As commented, you can use the reply of Timeout in Python input function along with a repeat loop, so re-run the function when timeout occurs.

@timeout(seconds=5)
def read_user_name():
    name = input('Qual é o seu nome? ')
    print('Seja bem-vindo,', name)

attempts = 5

while attempts:
    try:
        read_user_name()
        break
    except Exception as error:
        print(error)
        attempts -= 1
else:
    print('Erro: acabaram suas tentativas')

^{See working on repl it.}

by Augusto Vasques • **15,321** points · Answer 2 · 2020-12-29T00:04:06+00:00

One solution to your problem is to use the module asyncio.
asyncio is a library for writing concurrent asynchronous code using syntax async/await.

asyncio operates on corroding which are a more generalized form of subroutines. Subroutines have input started at one point, and output at another point. Corroding can enter, exit, and continue at many different points and corroding are declared with the syntax async/await.

Perform a corroding with:

asyncio.run() executes and returns the result of corroutine.
asyncio.create_task() agenda and implementation of a corroding involves her in a Task returning him.
wait awaiting the return of a corroding. Can only be used inside another corrosion.

As an example two will be created corroding:

demorada() which is a corrosion that may or may not carry 10s to be executed, is a random choice decided on the line await asyncio.sleep(random.choice((0,10))) holding or not the processing by 10s. Returns a random number in the range [0,65536[.
main(timeout=1) is top-level corrosion.

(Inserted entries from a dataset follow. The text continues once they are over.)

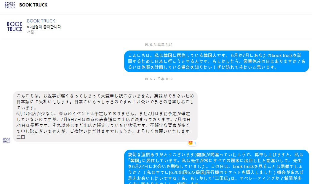 나 : 친절한 답변 감사합니다 :) 번역이 잘못 있던 것 같고, 다시 말씀드리면, 저는 한국에 거주하고 있습니다. 나는 선생님이 항상 모든 주말에 출점했다고 착각하여 선생님을 6 월 22 일에 만날 기대하고 있었습니다. 이날은 book truck보기 어렵습니까? (난 이미 [6.20 출국 6.22 귀국] 비행기 티켓을 구입했습니다) 기회가 된다면 꼭 뵙고 싶네요! 아, 혹시 '미타 점」은 운영합니까? 질문이 많아 죄송하고 감사합니다.
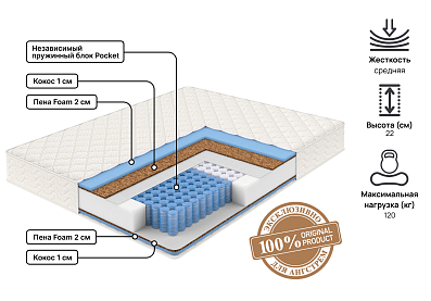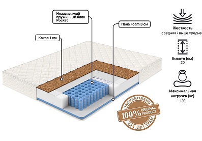 Матрас Free 120 х 200 Разная жесткость сторон с пружинным блоком
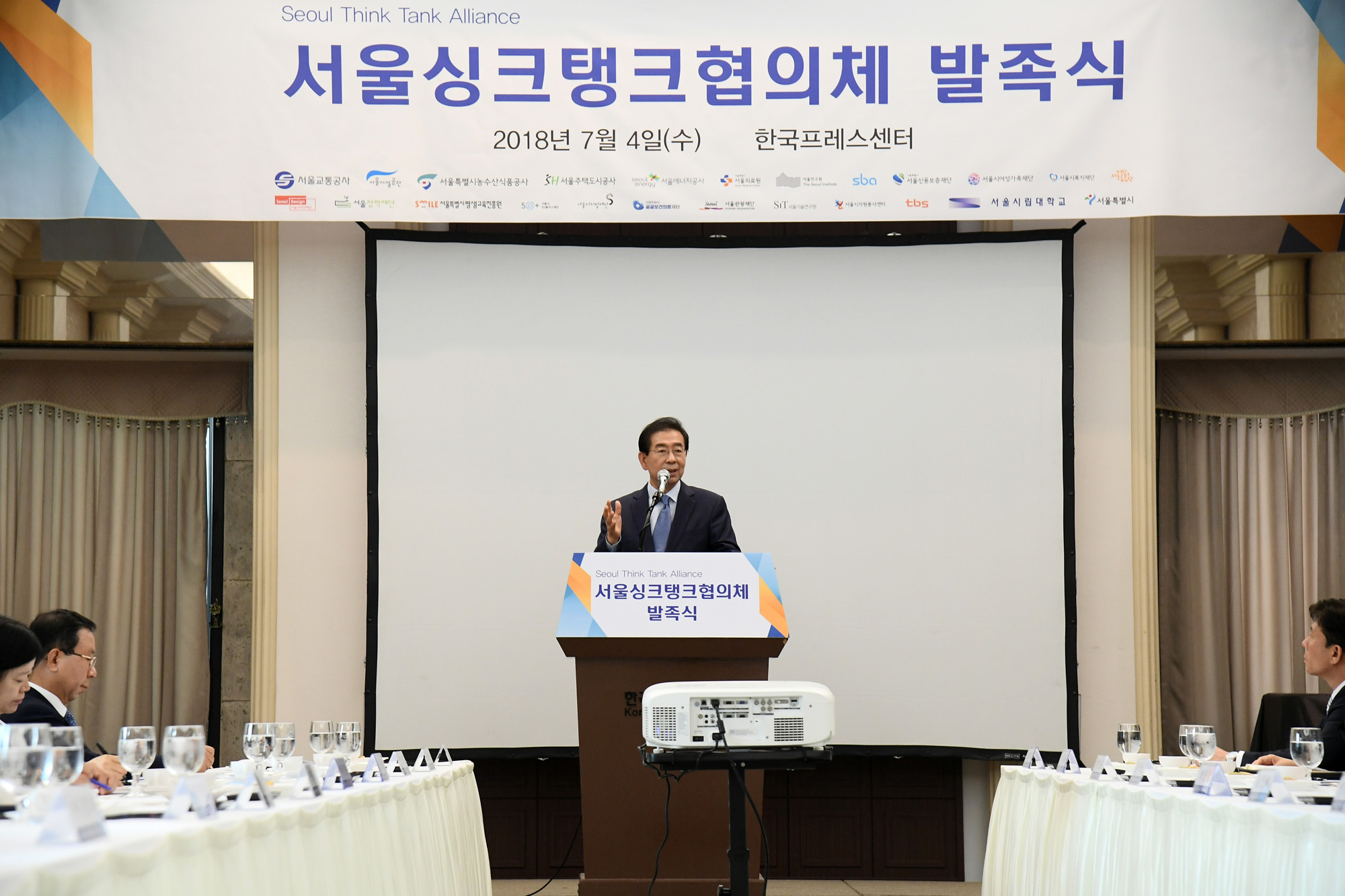박원순 서울시장이 4일 서울 중구 프레스센터에서 열린 서울싱크탱크협의체(SeTTA) 발족식에서 격려사를 하고 있다. 서울시 제공

Creates an activity for corrosion demorada() and is on hold with timeout through the method asyncio.wait_for(aw, timeout) making an exception asyncio.TimeoutError if the running time of the activity lasts longer than timeout.

Example:

import asyncio
import random

async def demorada():
    await asyncio.sleep(random.choice((0,10)))            #Aleatoriamente sorteia se demora ou não 10s
    return random.randint(0, 65536)                       #Retorna no internalo [0,65536[
    
async def main(timeout=1):
   task = asyncio.create_task(demorada())                 #Agenda a corrotina demorada() e retorna um task. 
   try:
       await asyncio.wait_for(task, timeout)              #Aguarda a execução da Task com timeout.
   except asyncio.TimeoutError:
       task.cancel()                                      #Cancela a atividade.
       print("A função demorou demais para responder.")   #Imprime a mensagem.
   else:
       print(f"A função retornou {task.result()}")        #Imprime a mensagem com resultado de demorada()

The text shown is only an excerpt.